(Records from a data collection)
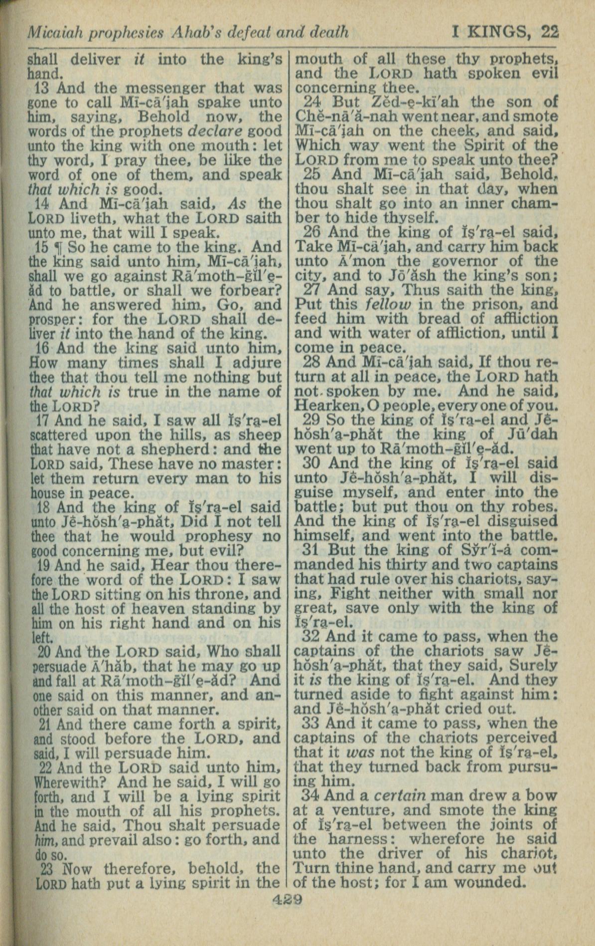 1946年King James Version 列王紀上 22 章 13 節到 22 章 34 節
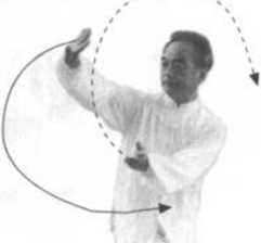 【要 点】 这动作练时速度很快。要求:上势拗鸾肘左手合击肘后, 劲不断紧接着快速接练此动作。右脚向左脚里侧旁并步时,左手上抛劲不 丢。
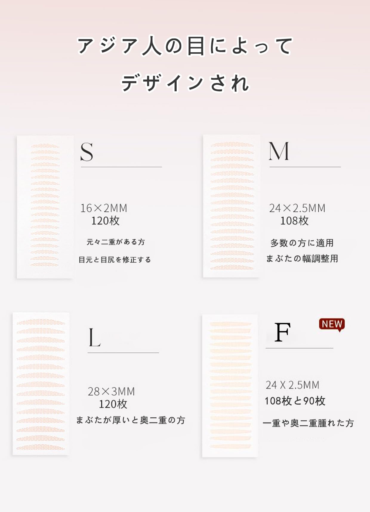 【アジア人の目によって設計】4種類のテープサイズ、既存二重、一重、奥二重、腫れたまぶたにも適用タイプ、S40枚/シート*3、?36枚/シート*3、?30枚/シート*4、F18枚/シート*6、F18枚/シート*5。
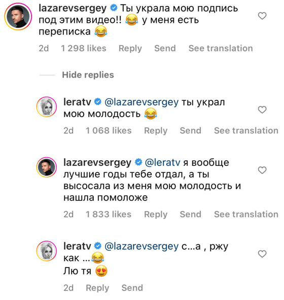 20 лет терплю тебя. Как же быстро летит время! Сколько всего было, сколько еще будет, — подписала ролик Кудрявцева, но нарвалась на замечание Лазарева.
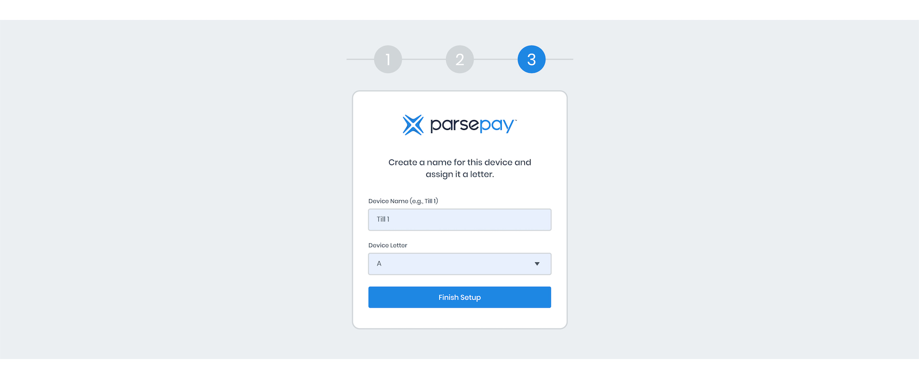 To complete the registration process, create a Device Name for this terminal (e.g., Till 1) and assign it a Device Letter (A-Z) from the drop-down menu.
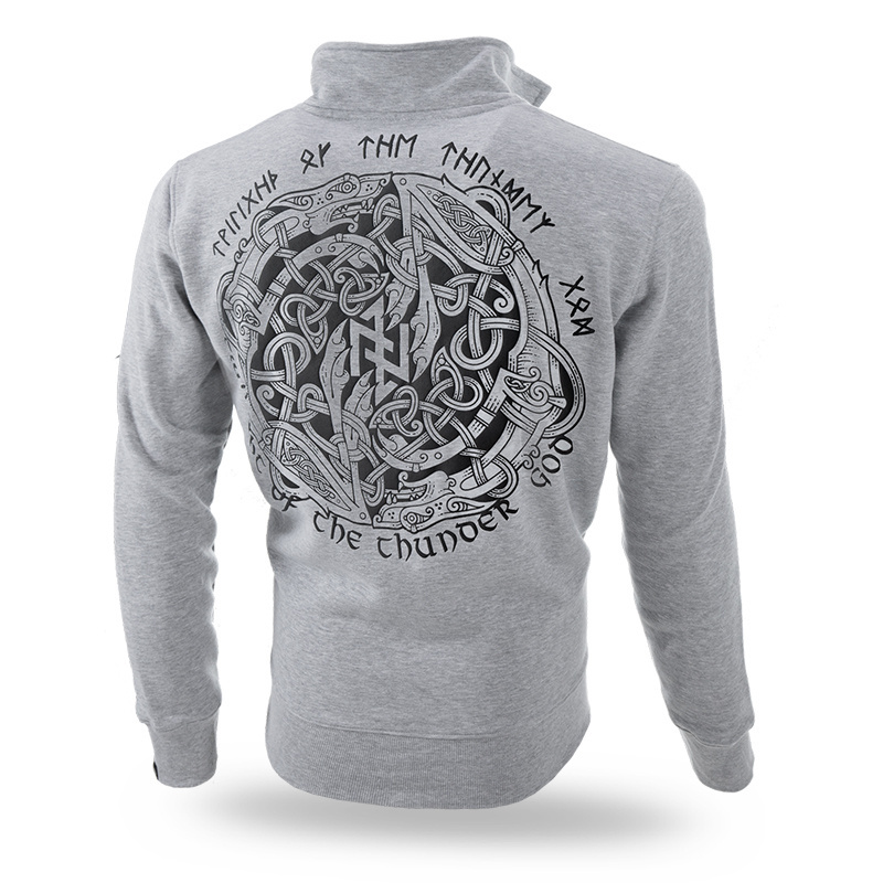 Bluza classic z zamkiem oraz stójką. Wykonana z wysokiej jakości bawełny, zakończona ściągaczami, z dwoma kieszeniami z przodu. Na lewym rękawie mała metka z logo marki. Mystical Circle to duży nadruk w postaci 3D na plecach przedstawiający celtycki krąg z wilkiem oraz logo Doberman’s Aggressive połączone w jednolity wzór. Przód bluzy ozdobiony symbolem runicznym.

WHAT TO DO -
Nothing but the lines from the one with "To complete the" through the end of the entries above, both included, should be set down, exactly and without pictures.

ANSWER FOR THIS EXERCISE -
 To complete the registration process, create a Device Name for this terminal (e.g., Till 1) and assign it a Device Letter (A-Z) from the drop-down menu.
 Bluza classic z zamkiem oraz stójką. Wykonana z wysokiej jakości bawełny, zakończona ściągaczami, z dwoma kieszeniami z przodu. Na lewym rękawie mała metka z logo marki. Mystical Circle to duży nadruk w postaci 3D na plecach przedstawiający celtycki krąg z wilkiem oraz logo Doberman’s Aggressive połączone w jednolity wzór. Przód bluzy ozdobiony symbolem runicznym.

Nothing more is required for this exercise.